Each line from the one with "5,0 дюймов сенсорный" through the final line of the entries below must be printed exactly, and the pictures must not be.

[Start of Attachment]

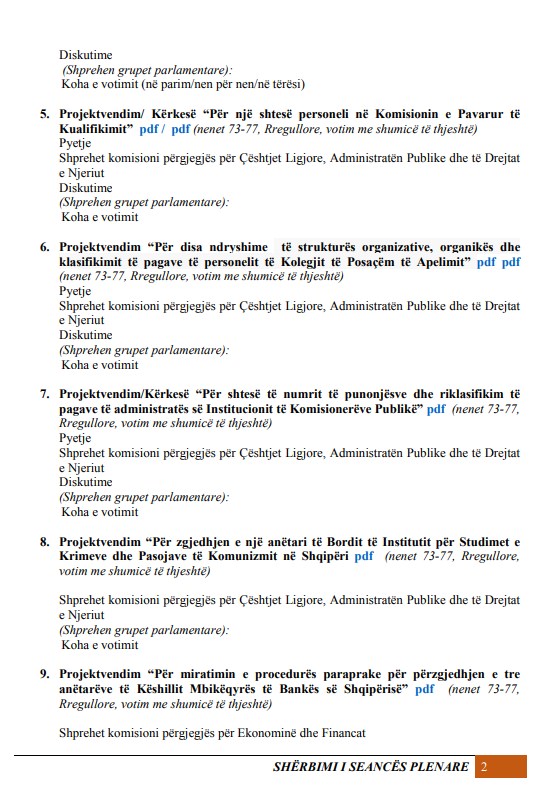 Mungesën e Opozitës mazhoranca po e shfrytëzon edhe për “Për zgjedhjen e një anëtari të Bordit të Institutit për Studimet e Krimeve dhe Pasojave të Komunizmit në Shqipëri”, si Pikë e 8. e rendit të ditës,  dhe atë që Edi Rama bëhej sikur është i painteresuar, Projektvendimin “Për miratimin e procedurës paraprake për përzgjedhjen e tre anëtarëve të Këshillit Mbikëqyrës të Bankës së Shqipërisë”, që është dhe Pika 9. e rendit të ditës.
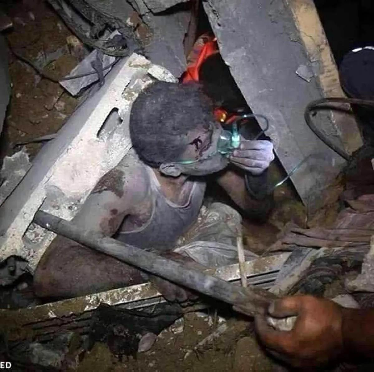 عکس دلخراش از کودک غزه ای زیر خروارها آهن و سنگ
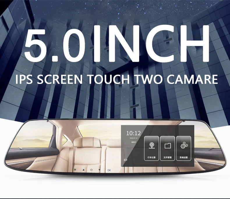 5,0 дюймов сенсорный ips Автомобильный видеорегистратор Камера ADAS двойной объектив Dash Cam 1296 P с заднего вида авто регистратор цифровой видеорегистратор видеокамера
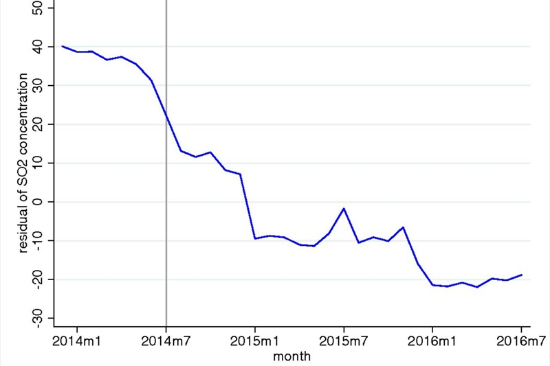 Researchers found that the strict policy reduced sulfur dioxide concentration by 13.9 percent overall, however there were variances between key and non-key regions.
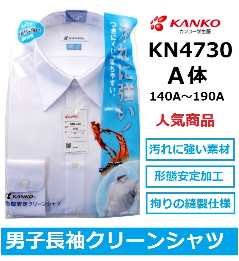 カンコー男子長袖スクールシャツ KN4730 (A体)140A〜185A

[End of Attachment]

# SOLUTION BELOW:
 5,0 дюймов сенсорный ips Автомобильный видеорегистратор Камера ADAS двойной объектив Dash Cam 1296 P с заднего вида авто регистратор цифровой видеорегистратор видеокамера
 Researchers found that the strict policy reduced sulfur dioxide concentration by 13.9 percent overall, however there were variances between key and non-key regions.
 カンコー男子長袖スクールシャツ KN4730 (A体)140A〜185A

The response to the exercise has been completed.